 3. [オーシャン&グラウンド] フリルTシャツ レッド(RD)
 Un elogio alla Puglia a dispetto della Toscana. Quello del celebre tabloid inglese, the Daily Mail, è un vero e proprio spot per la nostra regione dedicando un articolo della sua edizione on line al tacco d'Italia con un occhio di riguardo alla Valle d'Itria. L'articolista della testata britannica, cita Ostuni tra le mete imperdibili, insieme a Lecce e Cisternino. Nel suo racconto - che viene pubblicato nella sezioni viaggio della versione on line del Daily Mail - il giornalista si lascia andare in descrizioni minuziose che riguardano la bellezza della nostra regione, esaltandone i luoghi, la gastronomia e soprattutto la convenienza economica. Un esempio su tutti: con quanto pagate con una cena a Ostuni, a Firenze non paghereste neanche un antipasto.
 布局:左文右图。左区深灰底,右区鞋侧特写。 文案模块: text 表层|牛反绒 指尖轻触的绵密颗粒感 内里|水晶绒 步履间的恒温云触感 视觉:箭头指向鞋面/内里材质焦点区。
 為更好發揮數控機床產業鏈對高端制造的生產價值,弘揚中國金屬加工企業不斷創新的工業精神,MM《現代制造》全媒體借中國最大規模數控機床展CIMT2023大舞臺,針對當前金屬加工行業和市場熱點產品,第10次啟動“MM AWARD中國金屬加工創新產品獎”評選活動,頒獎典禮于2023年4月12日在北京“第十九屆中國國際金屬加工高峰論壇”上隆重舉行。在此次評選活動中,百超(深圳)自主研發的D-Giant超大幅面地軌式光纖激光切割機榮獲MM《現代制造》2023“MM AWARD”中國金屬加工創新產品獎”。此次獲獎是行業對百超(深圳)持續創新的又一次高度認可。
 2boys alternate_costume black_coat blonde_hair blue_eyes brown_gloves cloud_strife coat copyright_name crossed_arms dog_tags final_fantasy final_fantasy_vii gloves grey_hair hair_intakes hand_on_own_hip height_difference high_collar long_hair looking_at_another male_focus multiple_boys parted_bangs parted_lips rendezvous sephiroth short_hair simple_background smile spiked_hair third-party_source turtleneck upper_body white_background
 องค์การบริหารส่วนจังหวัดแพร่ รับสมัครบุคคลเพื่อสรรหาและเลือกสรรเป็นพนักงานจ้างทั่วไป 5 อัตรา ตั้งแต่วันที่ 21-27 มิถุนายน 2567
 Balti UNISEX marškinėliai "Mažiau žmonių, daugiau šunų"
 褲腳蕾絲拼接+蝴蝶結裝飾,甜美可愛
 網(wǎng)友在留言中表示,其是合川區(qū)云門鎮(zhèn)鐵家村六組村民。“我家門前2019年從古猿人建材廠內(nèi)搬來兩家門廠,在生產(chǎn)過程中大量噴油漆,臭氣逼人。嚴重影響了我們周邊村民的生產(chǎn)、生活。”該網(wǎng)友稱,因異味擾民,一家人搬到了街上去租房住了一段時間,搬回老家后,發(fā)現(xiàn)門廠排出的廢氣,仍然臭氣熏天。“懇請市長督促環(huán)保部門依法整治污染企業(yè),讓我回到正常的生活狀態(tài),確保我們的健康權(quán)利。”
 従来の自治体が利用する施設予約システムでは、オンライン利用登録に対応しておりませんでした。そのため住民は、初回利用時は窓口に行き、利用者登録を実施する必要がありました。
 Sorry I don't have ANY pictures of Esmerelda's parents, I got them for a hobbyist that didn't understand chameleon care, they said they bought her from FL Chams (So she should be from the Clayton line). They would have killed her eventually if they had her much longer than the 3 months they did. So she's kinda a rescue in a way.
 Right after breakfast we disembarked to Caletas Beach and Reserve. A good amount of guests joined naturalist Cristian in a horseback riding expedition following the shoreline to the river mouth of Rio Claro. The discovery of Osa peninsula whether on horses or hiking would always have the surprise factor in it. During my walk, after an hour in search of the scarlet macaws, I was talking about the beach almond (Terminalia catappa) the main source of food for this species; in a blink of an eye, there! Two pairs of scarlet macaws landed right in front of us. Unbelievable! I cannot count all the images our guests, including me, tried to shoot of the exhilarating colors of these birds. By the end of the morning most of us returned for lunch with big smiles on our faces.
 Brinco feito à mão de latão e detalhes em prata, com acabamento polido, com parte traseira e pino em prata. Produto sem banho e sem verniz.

────────────────────

▶ TASK STATEMENT
Your answer should be an exact copy of the lines from the one with "Sorry I don't" through the end of the material, with no other lines.

▶ WRITTEN ANSWER
 Sorry I don't have ANY pictures of Esmerelda's parents, I got them for a hobbyist that didn't understand chameleon care, they said they bought her from FL Chams (So she should be from the Clayton line). They would have killed her eventually if they had her much longer than the 3 months they did. So she's kinda a rescue in a way.
 Right after breakfast we disembarked to Caletas Beach and Reserve. A good amount of guests joined naturalist Cristian in a horseback riding expedition following the shoreline to the river mouth of Rio Claro. The discovery of Osa peninsula whether on horses or hiking would always have the surprise factor in it. During my walk, after an hour in search of the scarlet macaws, I was talking about the beach almond (Terminalia catappa) the main source of food for this species; in a blink of an eye, there! Two pairs of scarlet macaws landed right in front of us. Unbelievable! I cannot count all the images our guests, including me, tried to shoot of the exhilarating colors of these birds. By the end of the morning most of us returned for lunch with big smiles on our faces.
 Brinco feito à mão de latão e detalhes em prata, com acabamento polido, com parte traseira e pino em prata. Produto sem banho e sem verniz.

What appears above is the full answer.